- Может, туда сообщить? - осторожно предложил Шаров.
- А, надо им! - отмахнулся Ерохин. - Да и нам… Знаешь ведь, сколько у нас, по сельскому райотделу, нераскрытых дел! Мы просто задыхаемся. Вот потому тебя и подключили: парень ты молодой, энергичный, перспективный… Словом, так: работай самостоятельно. Я тебе доверяю. Побеседуй еще с народом. Все-таки не колпаки с «Нивы» сняли, не тонну комбикорма с Чернореченского свинокомплекса увели - не может такого быть, чтобы никто ничего не видел!
Ерохин умчался в город, а Шаров опять поднялся на взгорок. Перед его глазами струился Обимур, плыли облака, золотился закат, потом возникала серая пустота, а дальше опять золотился закат, плыли облака и мягко блестели воды Обимура. В затылок Шарову бил горячий июльский ветер, клонились долу травы, машины, взобравшись вверх, быстро переводили дыхание, и эти мгновения тишины были как вопрос.

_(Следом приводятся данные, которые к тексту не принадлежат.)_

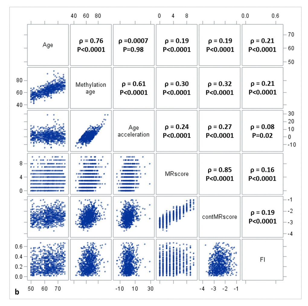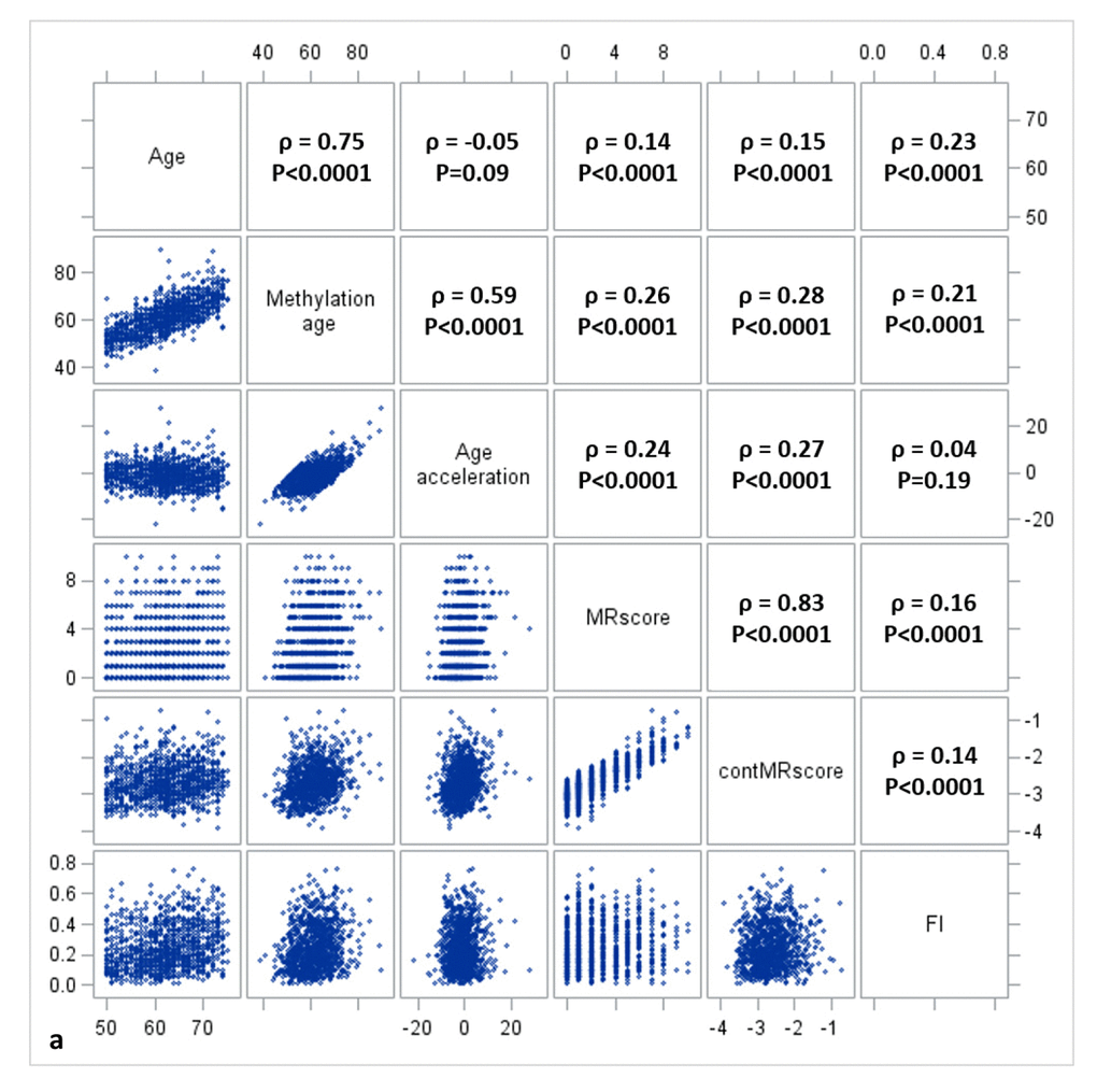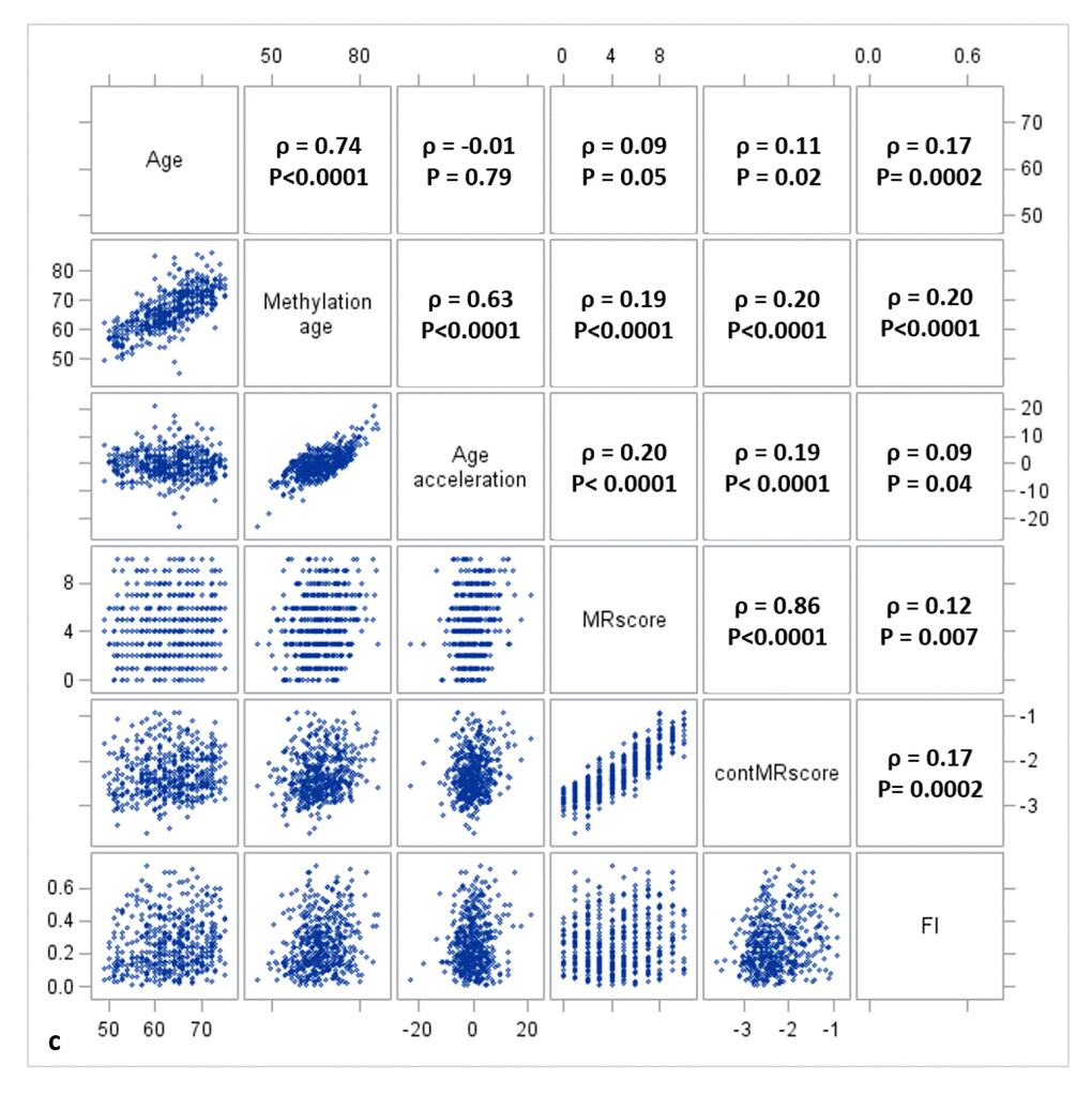 Descriptive analyses were first performed to explore the distribution and mutual correlations of chronological age, DNAm age, AA (calculated as residuals of Horvarth’s DNAm age regressed on chronological age), MRscore, and FI using histograms, scatter plots, and Spearman correlation coefficients in the three subsets of the study population separately. The mortality risk score was constructed in two forms as in the previous study [18]: MRscore was constructed according to aberrant methylation of 10 CpGs (cg01612140, cg05575921, cg06126421, cg08362785, cg10321156, cg14975410, cg19572487, cg23665802, cg24704287, cg25983901) and ranges from 0 (aberrant methylation at none of the 10 CpGs) to10 (aberrant methylation at all 10 CpGs) [aberrance was defined by the highest quartile value for the hypermethylated CpG (cg08362785) and by the lowest quartile values for the hypomethylated CpGs (other 9 CpGs) from the previous study [18]]; a continuous mortality risk score (cont.MRscore) was computed by summarizing weighted methylation β values of the 10 CpGs [cg01612140*(-0.38253) + cg05575921*(-0.92224) + cg06126421*(-1.70129) + cg08362785*(2.71749) + cg10321156*(-0.02073) + cg14975410* (-0.04156) + cg19572487*(-0.28069) + cg23665802*(-0.89440) + cg24704287*(-2.98637) + cg25983901*(-1.80325); weights were derived from the least absolute shrinkage and selection operator (LASSO) regression from the previous study [18].

- Ну ничего себе! - возопил кто-то вдруг. Рядом с Шаровым замерла «Волга» с шашечками. Рыжекудрый таксист таращился в окошко, а за дверцу держался высокий светловолосый мужчина средних лет, и глаза его выражали истинный ужас.
- Что это? - выговорил он.
Шаров дернул плечом.
Светловолосый прошелся вдоль шоссе. Плечи его поникли. Окинув серость печальным взором, он снова сел в машину, и та, ловко развернувшись, умчалась под вопль таксиста:
- Ну и ведьма!… А эти куда смотрели?!
«Эти», тотчас понял Шаров, относилось прежде всего к нему. «Эти», главное!… Еще хуже другое: пропажа явно не произвела особого впечатления на население пригорода. Пожалуй, высокий мужчина был первым, кто потрясен случившимся, да и его поразило, например, не то, куда вливается отрезанный Обимур и откуда он потом, за пределами серости, вытекает, а сам факт исчезновения именно этой части пейзажа.
Шаров повел рукой, повторяя очертания похищенного. Да, вот так, прямо, а потом странный изгиб, и дальше опять ровно и под прямым углом вниз…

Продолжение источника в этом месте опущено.